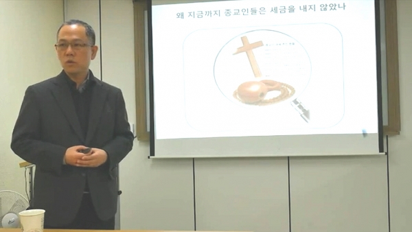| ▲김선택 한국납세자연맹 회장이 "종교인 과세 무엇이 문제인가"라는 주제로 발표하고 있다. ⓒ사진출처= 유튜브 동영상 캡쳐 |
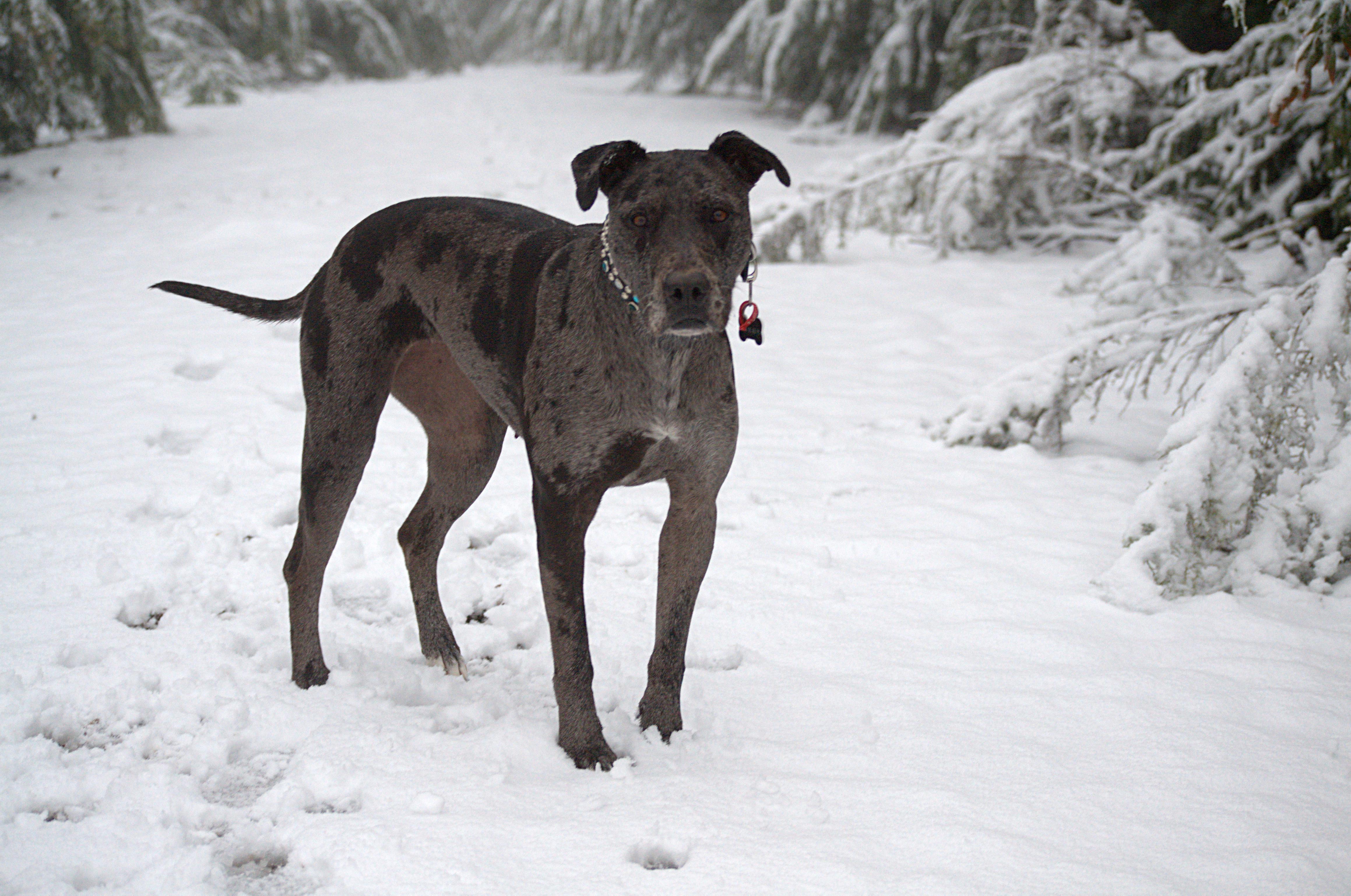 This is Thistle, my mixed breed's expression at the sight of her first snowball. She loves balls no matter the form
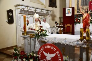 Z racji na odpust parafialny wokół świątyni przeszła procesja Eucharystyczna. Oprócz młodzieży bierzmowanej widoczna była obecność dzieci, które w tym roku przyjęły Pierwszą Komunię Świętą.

§ §

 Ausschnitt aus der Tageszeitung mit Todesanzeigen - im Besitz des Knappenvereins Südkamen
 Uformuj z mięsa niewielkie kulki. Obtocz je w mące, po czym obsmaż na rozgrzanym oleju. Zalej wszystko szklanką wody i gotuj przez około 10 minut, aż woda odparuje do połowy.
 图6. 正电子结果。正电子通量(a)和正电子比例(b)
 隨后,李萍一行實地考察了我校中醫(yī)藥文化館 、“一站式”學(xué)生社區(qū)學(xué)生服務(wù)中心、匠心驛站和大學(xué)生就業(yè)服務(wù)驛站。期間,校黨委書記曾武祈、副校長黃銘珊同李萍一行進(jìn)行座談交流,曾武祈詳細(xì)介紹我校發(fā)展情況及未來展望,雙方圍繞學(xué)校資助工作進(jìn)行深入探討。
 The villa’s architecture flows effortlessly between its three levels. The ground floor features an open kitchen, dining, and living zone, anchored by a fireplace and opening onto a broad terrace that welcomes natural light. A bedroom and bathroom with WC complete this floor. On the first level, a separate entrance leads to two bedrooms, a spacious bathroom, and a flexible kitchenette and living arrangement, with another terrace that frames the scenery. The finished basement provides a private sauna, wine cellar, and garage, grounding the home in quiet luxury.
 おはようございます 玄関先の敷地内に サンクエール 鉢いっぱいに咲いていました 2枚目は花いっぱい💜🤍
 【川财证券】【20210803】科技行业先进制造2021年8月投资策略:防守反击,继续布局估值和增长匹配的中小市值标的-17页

§ §

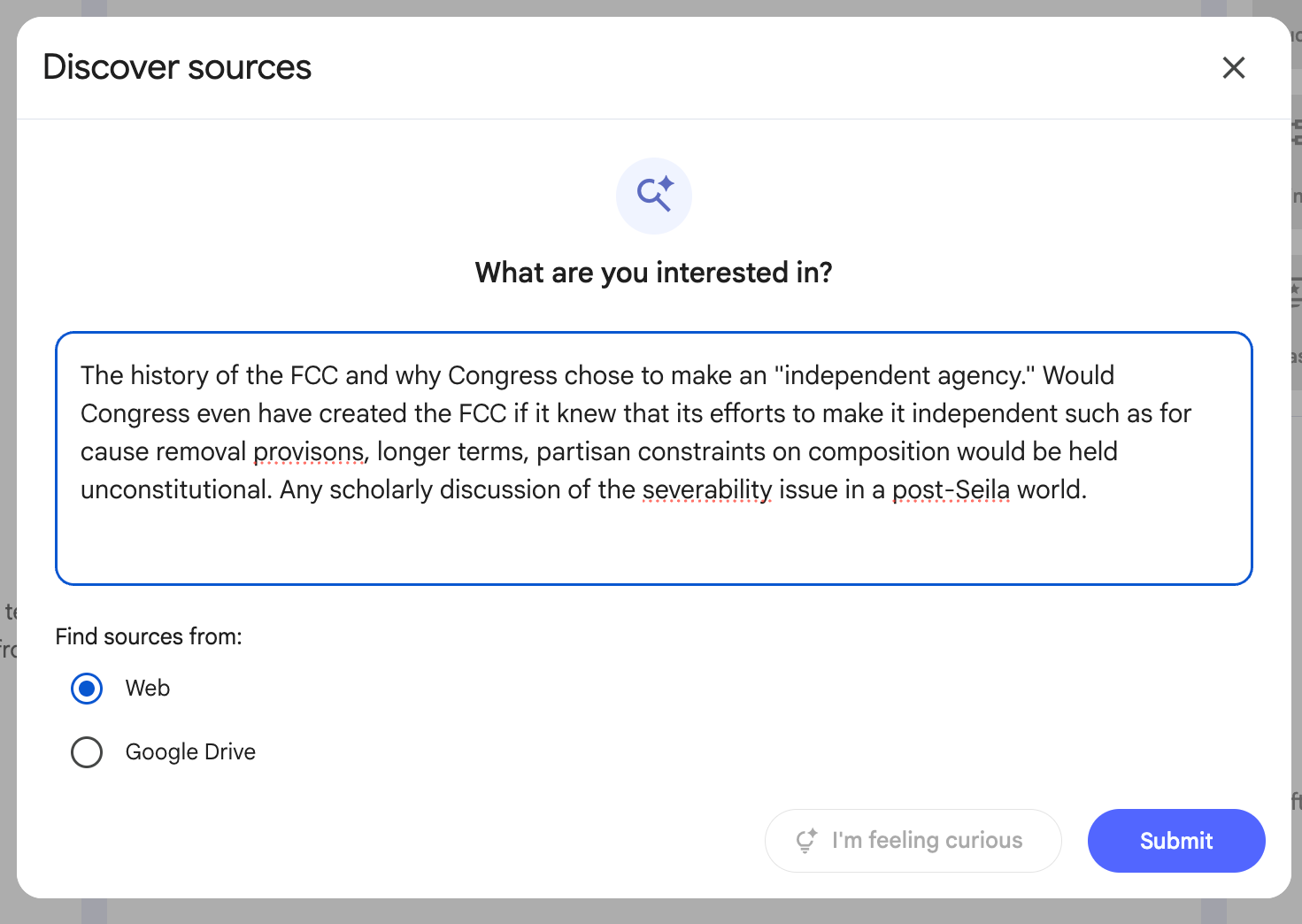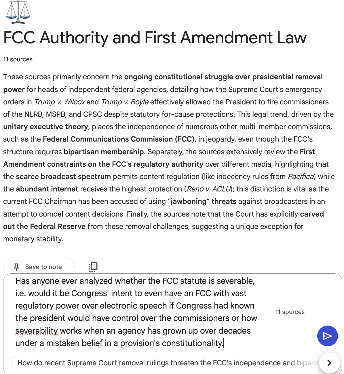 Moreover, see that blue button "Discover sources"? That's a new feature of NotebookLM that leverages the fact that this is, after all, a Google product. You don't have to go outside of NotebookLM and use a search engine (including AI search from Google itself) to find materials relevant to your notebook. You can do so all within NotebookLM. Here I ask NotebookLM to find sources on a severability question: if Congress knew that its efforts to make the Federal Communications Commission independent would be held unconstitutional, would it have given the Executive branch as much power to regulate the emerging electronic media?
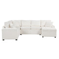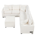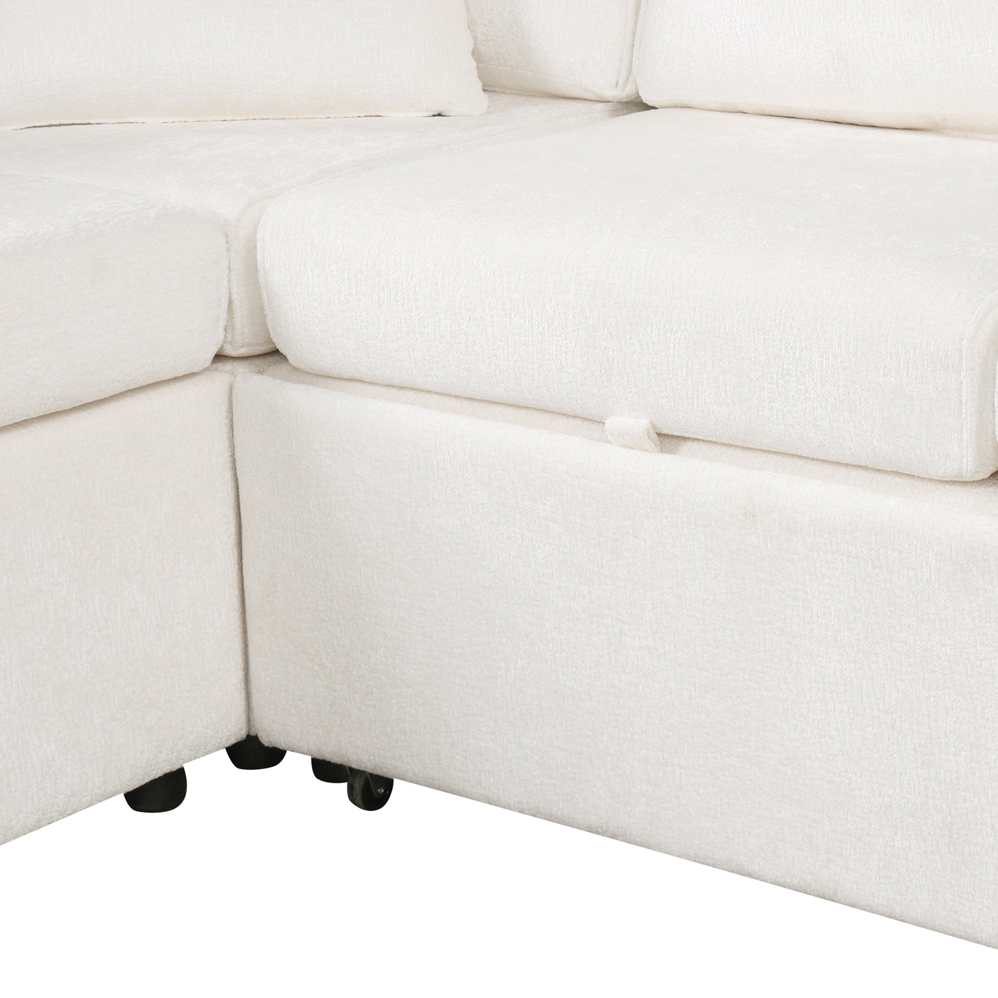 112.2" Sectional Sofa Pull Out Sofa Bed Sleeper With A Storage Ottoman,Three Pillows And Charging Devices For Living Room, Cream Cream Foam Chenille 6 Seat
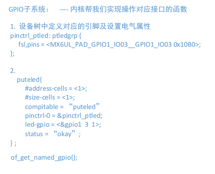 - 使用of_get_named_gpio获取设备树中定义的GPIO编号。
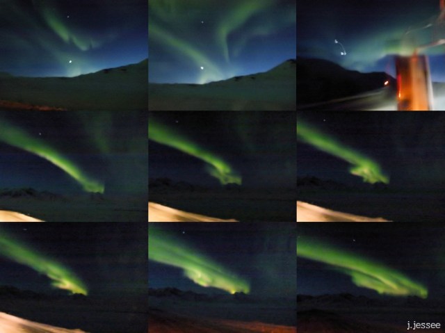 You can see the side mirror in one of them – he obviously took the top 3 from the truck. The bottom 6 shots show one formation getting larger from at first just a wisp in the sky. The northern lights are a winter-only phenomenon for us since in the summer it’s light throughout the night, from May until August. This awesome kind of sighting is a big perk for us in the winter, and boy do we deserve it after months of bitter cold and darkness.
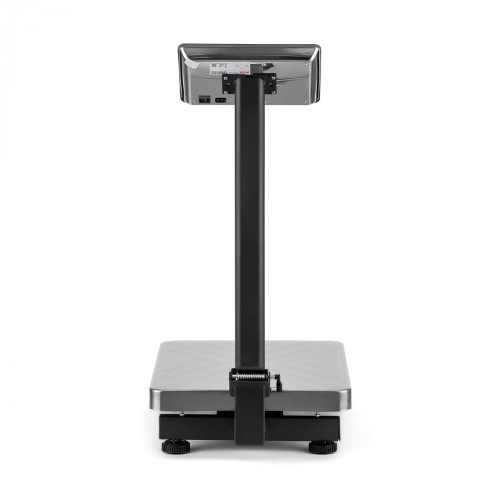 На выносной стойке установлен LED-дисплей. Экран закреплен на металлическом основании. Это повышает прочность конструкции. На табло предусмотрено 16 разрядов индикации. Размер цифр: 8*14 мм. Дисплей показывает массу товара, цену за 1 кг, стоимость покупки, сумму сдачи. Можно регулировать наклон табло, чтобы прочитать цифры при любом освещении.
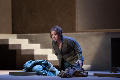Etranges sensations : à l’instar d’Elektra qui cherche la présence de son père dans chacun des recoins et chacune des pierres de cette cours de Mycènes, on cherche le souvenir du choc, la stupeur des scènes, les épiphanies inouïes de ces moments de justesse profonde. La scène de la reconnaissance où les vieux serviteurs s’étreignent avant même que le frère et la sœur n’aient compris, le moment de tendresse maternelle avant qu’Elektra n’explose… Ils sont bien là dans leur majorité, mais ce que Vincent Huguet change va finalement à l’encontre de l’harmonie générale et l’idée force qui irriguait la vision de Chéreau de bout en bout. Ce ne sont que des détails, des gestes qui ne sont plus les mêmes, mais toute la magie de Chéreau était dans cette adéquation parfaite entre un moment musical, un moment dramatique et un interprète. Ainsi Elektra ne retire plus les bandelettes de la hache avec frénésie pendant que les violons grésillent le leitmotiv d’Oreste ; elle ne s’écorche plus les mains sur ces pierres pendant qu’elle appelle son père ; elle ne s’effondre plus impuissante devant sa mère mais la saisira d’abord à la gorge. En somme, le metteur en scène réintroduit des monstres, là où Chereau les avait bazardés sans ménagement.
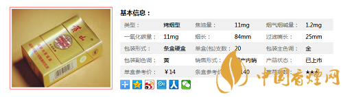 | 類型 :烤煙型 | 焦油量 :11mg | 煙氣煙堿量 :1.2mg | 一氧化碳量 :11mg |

§ §

◆ **Work task**
In the listing above, find the line containing "유튜브 동영상 캡쳐 |" and the line containing "Z racji na odpust", then return both of them and every line between, exactly, without pictures.

◆ **Answer space**
| ▲김선택 한국납세자연맹 회장이 "종교인 과세 무엇이 문제인가"라는 주제로 발표하고 있다. ⓒ사진출처= 유튜브 동영상 캡쳐 |
 This is Thistle, my mixed breed's expression at the sight of her first snowball. She loves balls no matter the form
 Z racji na odpust parafialny wokół świątyni przeszła procesja Eucharystyczna. Oprócz młodzieży bierzmowanej widoczna była obecność dzieci, które w tym roku przyjęły Pierwszą Komunię Świętą.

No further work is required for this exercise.